What made me quit in the end wasn’t injury, although I had pulled my hamstrings pretty savagely on two separate occasions in those studios. My decision was ultimately informed by two very different experiences that occurred around the same. The first, was practicing yoga in a ‘cold’ environment for the first time since my very first class and realising that I was actually more flexible if I worked with my own internal body heat as opposed to the external heat of a Bikram studio.

At the time, I had no explanation for this, but I now suspect that the extreme heat would often place my body under stress, making it tense up and preventing my muscles from ever relaxing completely.
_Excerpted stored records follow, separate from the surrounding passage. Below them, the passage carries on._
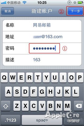 3、請填選您的郵箱名,輸入郵箱的地址、錯誤的密碼 (apple系統默認使用POP3,如果需要使用IMAP服務,則需要故意寫錯才能修改),描述可不用填寫,然後點擊“下一步”;
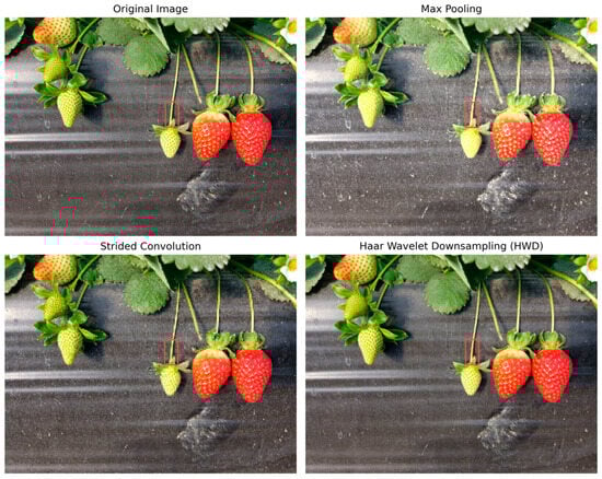 In this study, the target area is defined as the strawberry peduncle, which plays a critical role in detecting keypoints for harvesting. As the structural link between the fruit and the plant, the peduncle is the focal point for the robotic arm to accurately identify and perform picking actions. A comparison of downsampling methods—max pooling, strided convolution, and Haar wavelet downsampling (HWD)—reveals their impact on image processing performance, as illustrated in Figure 10. HWD excels in preserving the intricate details of strawberry peduncles, which are essential for precise feature extraction. This detailed preservation directly contributes to the accurate detection of keypoints necessary for robotic strawberry harvesting. In contrast, while max pooling effectively retains prominent features, it sacrifices finer details, which can hinder the identification of keypoints in texture-rich regions. Strided convolution strikes a balance between feature extraction and parameter reduction but struggles to retain high-frequency details, limiting its performance in detecting delicate structures like peduncles. By preserving both high- and low-frequency information, HWD ensures superior resolution sensitivity and a more detailed image representation. The ability to maintain peduncle details significantly improves keypoint detection accuracy, which is crucial for the successful operation of robotic harvesting systems in agricultural settings.
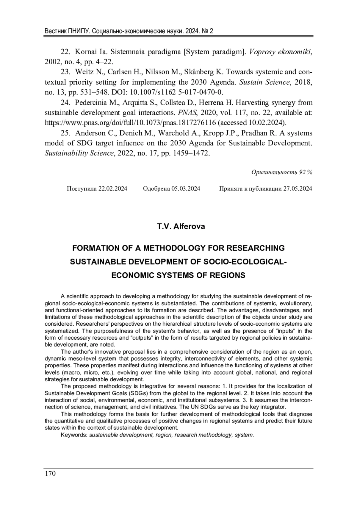 Обоснован научный подход к разработке методологии исследования устойчивого развития региональных социо-эколого-экономических систем. Описан вклад в ее формирование системного, эволюционного и функционально-ориентированного подходов. Рассмотрены достоинства, недостатки и ограничения данных методологических подходов к научному описанию исследуемых объектов. Систематизированы взгляды исследователей на уровни иерархической структуры социально-экономических систем. Отмечена целенаправленность поведения системы и наличие «входов» в виде необходимых ресурсов и «выходов» в виде результатов, на которые направлена региональная политика в области устойчивого развития. Предложение автора, имеющее научную новизну, заключается в комплексном рассмотрении региона как открытой, динамической системы мезоуровня, обладающей целостностью, взаимосвязанностью элементов и другими системными свойствами, проявляющимися при их взаимодействии и оказывающих влияние на функционирование систем других уровней (макро-, микро- и т. д.), эволюционно изменяющихся во времени, учитывающих глобальную, национальную и региональные стратегии устойчивого развития. Предложенная методология является интегративной по ряду оснований: 1) предусматривает локализацию ЦУР с глобального до регионального уровня; 2) учитывает взаимодействие социальной, экологической, экономической и институциональной подсистем; 3) предполагает взаимосвязь науки, управления и гражданских инициатив. При этом ключевым интегратором являются цели устойчивого развития ООН. Данная методология является логической основой для дальнейшей разработки методического инструментария, диагностирующего количественные и качественные процессы позитивных изменений региональных систем и позволяющего прогнозировать их дальнейшее состояние в контексте устойчивого развития. В этом заключается ее практическая значимость и применимость в прикладных целях.
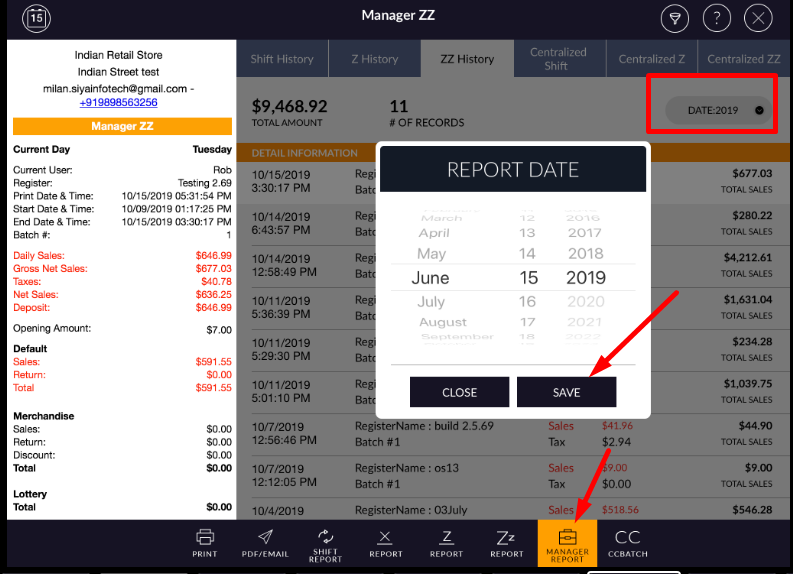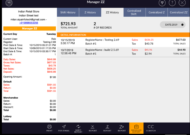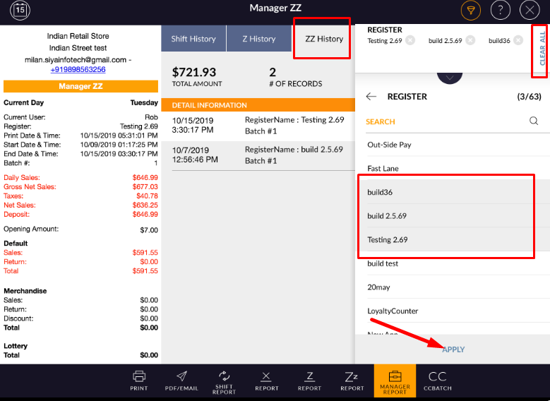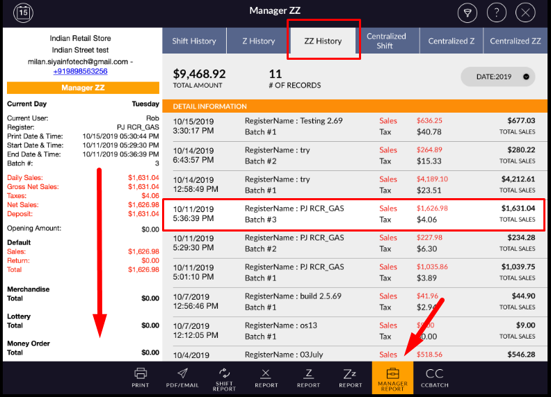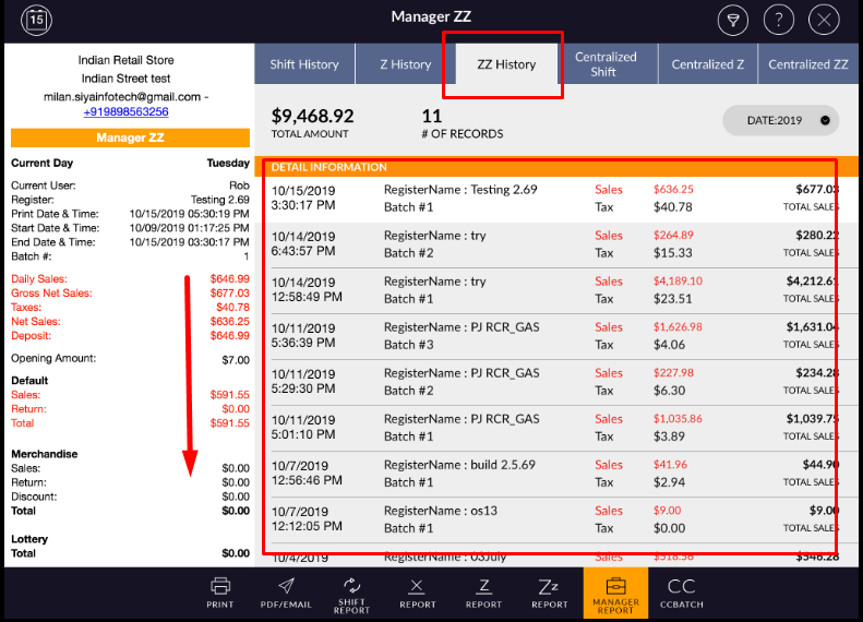 - In right-side, all Z are listed with ZZ applied to date, register name, batch #, Sales amount, tax
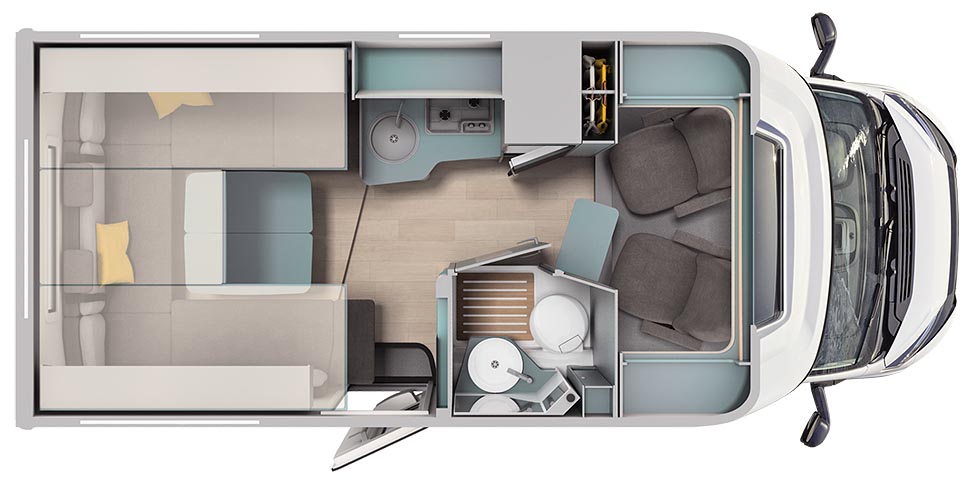 Tradisjonelt bygde kompakte bobiler med sandwich-konstruksjon har ikke fått så mye innovasjon de siste årene. Det har gjerne vært to hovedtyper, enkeltsenger eller tverrstilt seng bakerst. Med seks meter lange Kosmo L 105 skiller Laika seg ut i segmentet.
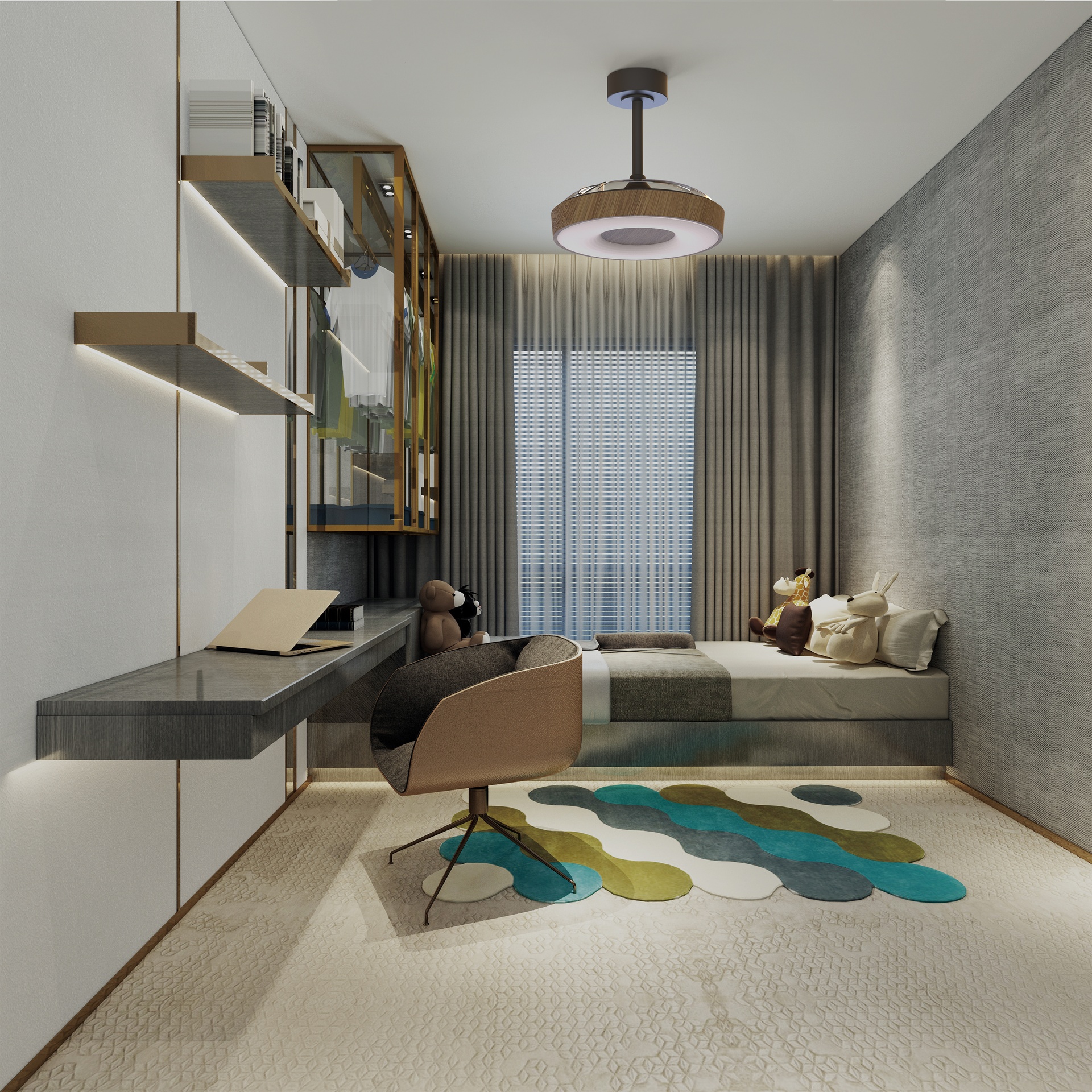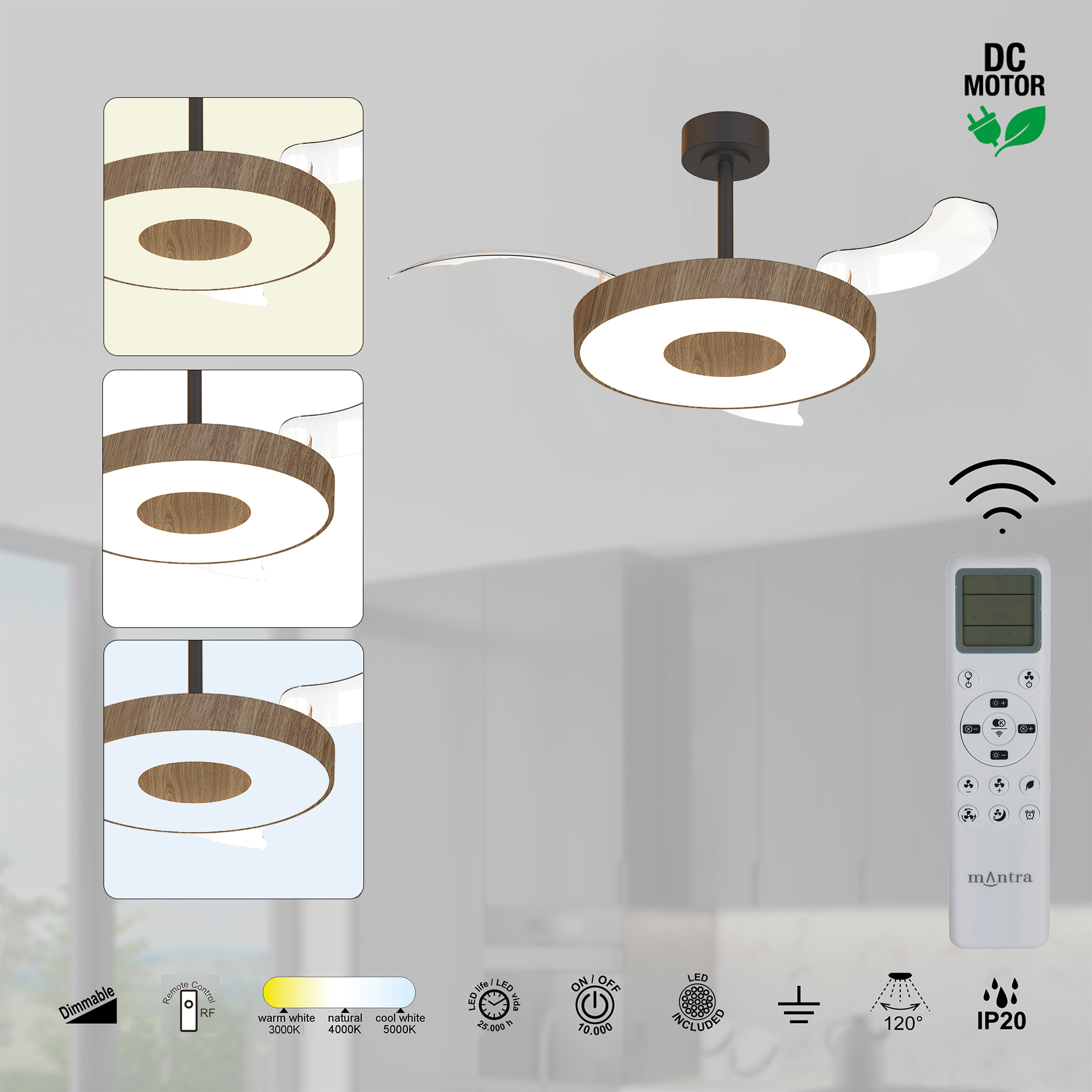 COIN FAN * VENTILADOR MEDIANO LED - NOGAL/NEGRO- CON TUYA

The second was that I had, at this point, had a relapse in depression. In what was to be my very last hot yoga class, a teacher who I actually couldn’t stand much as she clearly didn’t enjoy teaching yoga, pressed her thumb on the space between my eyebrows while I was in Savasana. This released all the tension I had been holding there, in the form of a frown, at once. It sent an electric shock wave through my body that spread from my third eye space to the tips of my fingers and toes. In Switzerland, they say that “even the blind chicken finds a piece of corn every once in a while” – well, this was hers. I walked out of that class for the first time realising that this practice could serve more than just my physical body – it might just help keep me off antidepressants for good and so I left to seek out a yoga with more depth.